Photo courtesy of gbtimes.com
Photo courtesy of gbtimes.com

Pixar’s “Coco”

POSTED January 15, 2018

To start talking about “Coco” one needs to talk about Pixar: the animation powerhouse that created a genre of computer-generated imagery (CGI) films. With a catalog of extraordinary movies dating back to 1995, the anticipation for “Coco” was overtly viscous.

    “Coco”’s weaknesses as a film outnumber its strengths to create a forgetful film that doesn’t live up to its parent company: Pixar. The strengths of this film are seen easily with its striking visuals. “Coco” is a landmark for the CGI genre as it stuns with its large and small attention to detail. The Land of the Dead is not only colorful, but full of life as every corner is animated with care and detail. To fully enjoy this film’s cinematics is simply seeing it on the big screen, the crisp animations and jaw-dropping spectacles will not translate as well to in-house enjoyment. This eliminates any re-watch value the film tries to make with its morals.

    The other victory of “Coco” lies within its strong morals of family and its colorful characters. It’s easy to relate many members of Miguel’s family to the audience’s own. The grandmother and many cousins are easily relatable for anyone with a large family. The heavy moral of family is also clear and strong, giving a positive message to both children and parents of family support and individuality.

    The last piece of positivity is the key component every Pixar movie has, that is the inevitable charm. Pixar once again creates colorful characters that both kids and adults enjoy. The interactions between the characters is cute and will leave many audience members in tears.

    This is where the positives stop and the issues arrive. Before the film’s opening credits “Coco” hurt itself. With the expected previews over Pixar started its “short film”, a recurring segment that starts before the major picture. These are usually five to ten minutes long with relatively small amounts of dialogue. “Coco”’s was “Olaf’s Frozen Adventure”. Being indifferent to “Frozen” and its characters I didn’t expect much, but I have never been more uncomfortable in a theater in my life. Having a 21 minute run time, the children of the audience were confused when it finally did end, thinking that was the movie and were getting ready to leave. Being 21 minutes long isn’t what made this “short” so terrible however. It was the most uninteresting story and contained so many musical numbers you’d be surprised to find out it was only 21 minutes. The other failure of “Coco” before the film started was having three members of the creative staff ruin the reveal of the Land of the Dead on the theater screen.

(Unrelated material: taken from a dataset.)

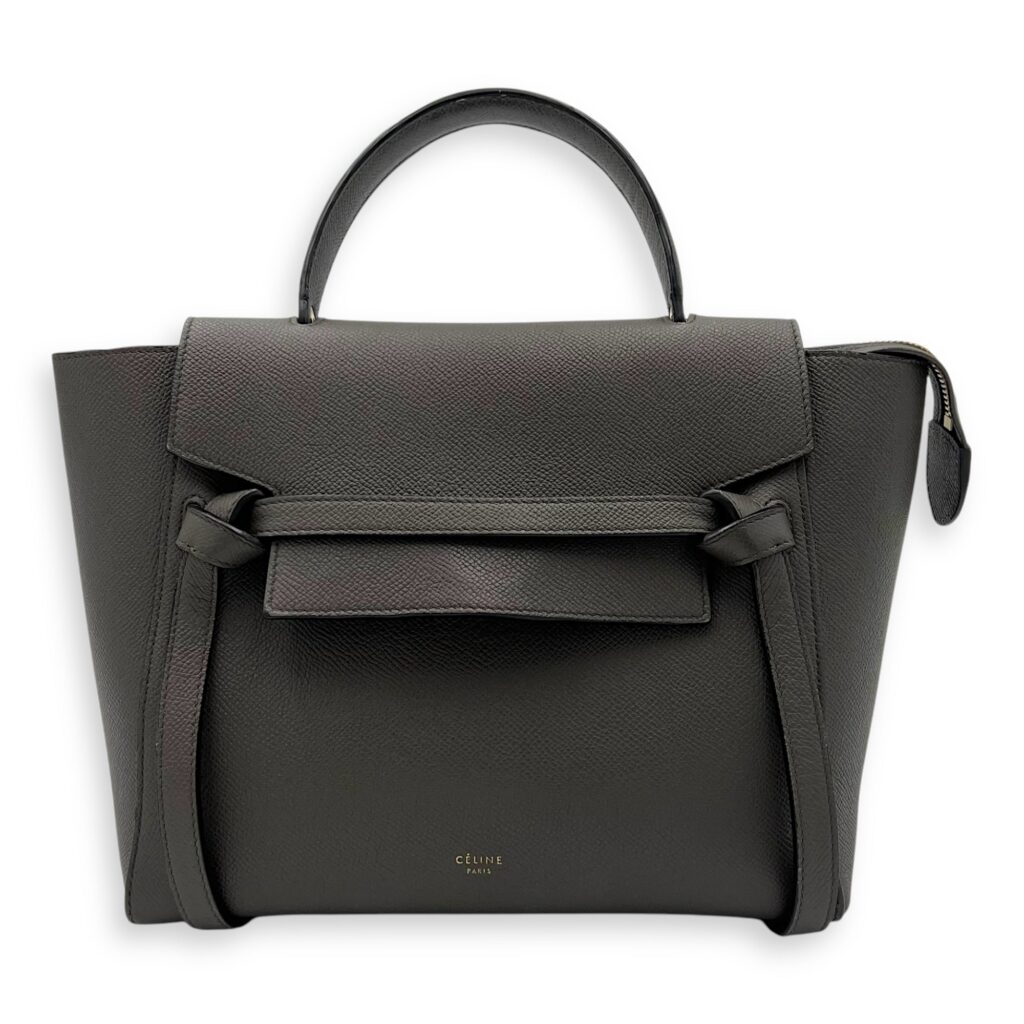 Belt Bag Top Handle Bag Micro Grey in Calfskin, Gold hardware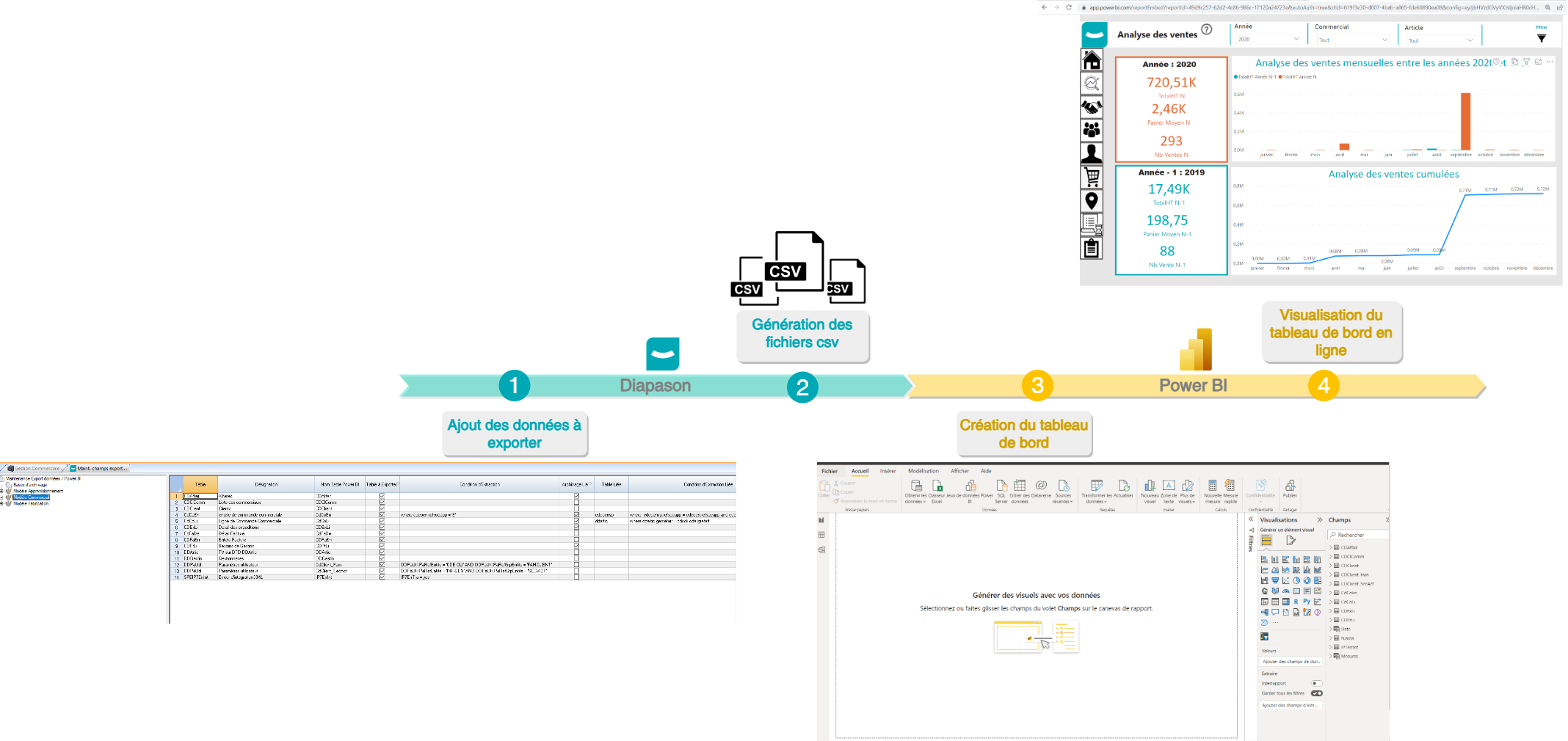 Le but de cette fonctionnalité est d’interfacer diapason avec un outil de Business Intelligence. La Business Intelligence (ou BI) désigne des technologies, applications de collecte, d’intégration, d’analyse et de présentation de l’information. Le grand atout de ces outils est le fait d’avoir des rapports personnalisés avec une vue d’ensemble. Cela va ainsi permettre d’accélérer et d’améliorer la prise de décision, d’optimiser les processus, d'augmenter l’efficacité opérationnelle. Le logiciel de BI sélectionné ici sera Power BI.

    When “Coco” finally started it didn’t do much to redeem it’s already low performance. It is early established that music plays a strong part of Miguel’s life, to the point that he wants to pursue a career in it. This is perhaps “Coco”’s only surprise: music is almost completely disregarded from the film. Sure it has a couple of music moments for Miguel sprinkled in the story, but the significance of music is lost and alienates Miguel from the audience. Not to mention the kid is portrayed as a prodigy when his performances are mediocre at best. With the conflicting principles Miguel doesn’t even know if it’s family or music he’s looking for, confusing the audience to Miguel’s true intentions. It is clear that Miguel wants to pursue music when the plot tries to push family and vise versa so the audience is left detached from Miguel.

    The other lacking aspect is the character development. Most characters are static through the first and second act of this film. The film focuses on the environment and world building, rather than focusing on the characters. This creates forgettable characters with little to no arcs.

    The plot tries to develop around Miguel but falls to the most overused protagonist arc that is summed up perfectly with ‘A Hero’s Journey’.* The banal character has been seen so many times that watching “Coco” will feel like just about any other cinematic movie. This unoriginal story tries to hide its incompetence through strong morals of family, pandering, and beautiful CGI. Beside being a trite story “Coco”’s third act is drawn out and leaves an unsatisfactory end that could have been achieved twenty minutes before. It was clear that the movie was stretching to have a run time over 90 minutes.

    “Coco” tries to add its own plot twists that could surprise children who aren’t lost in its painfully convoluted story of who is Miguel’s father. Any competent audience member will stay three steps ahead of the story because of the achingly obvious clues the movie gives. It was clear that “Coco” was trying to recreate the surprise of “Toy Story 2”, “Monster’s Inc”, or even “Up”’s end revels.

    This is a kid’s movie so this is a small gripe that doesn’t affect the overall movie, but Pixar (and Disney) movies have become famous for their subtle, almost risqué, humor that keeps the parents engaged with the story. “Coco” lacks this humor entirely and most of the kid’s jokes didn’t even land, losing the humorous reputation that Pixar has built.

    I was disappointed with “Coco” and to an extent Pixar. The magic of early Pixar seems to be waning with its modern movies; Pixar is innovating the visuals to an unprecedented level, but losing the magic storytelling that we’ve come to expect from Pixar movies.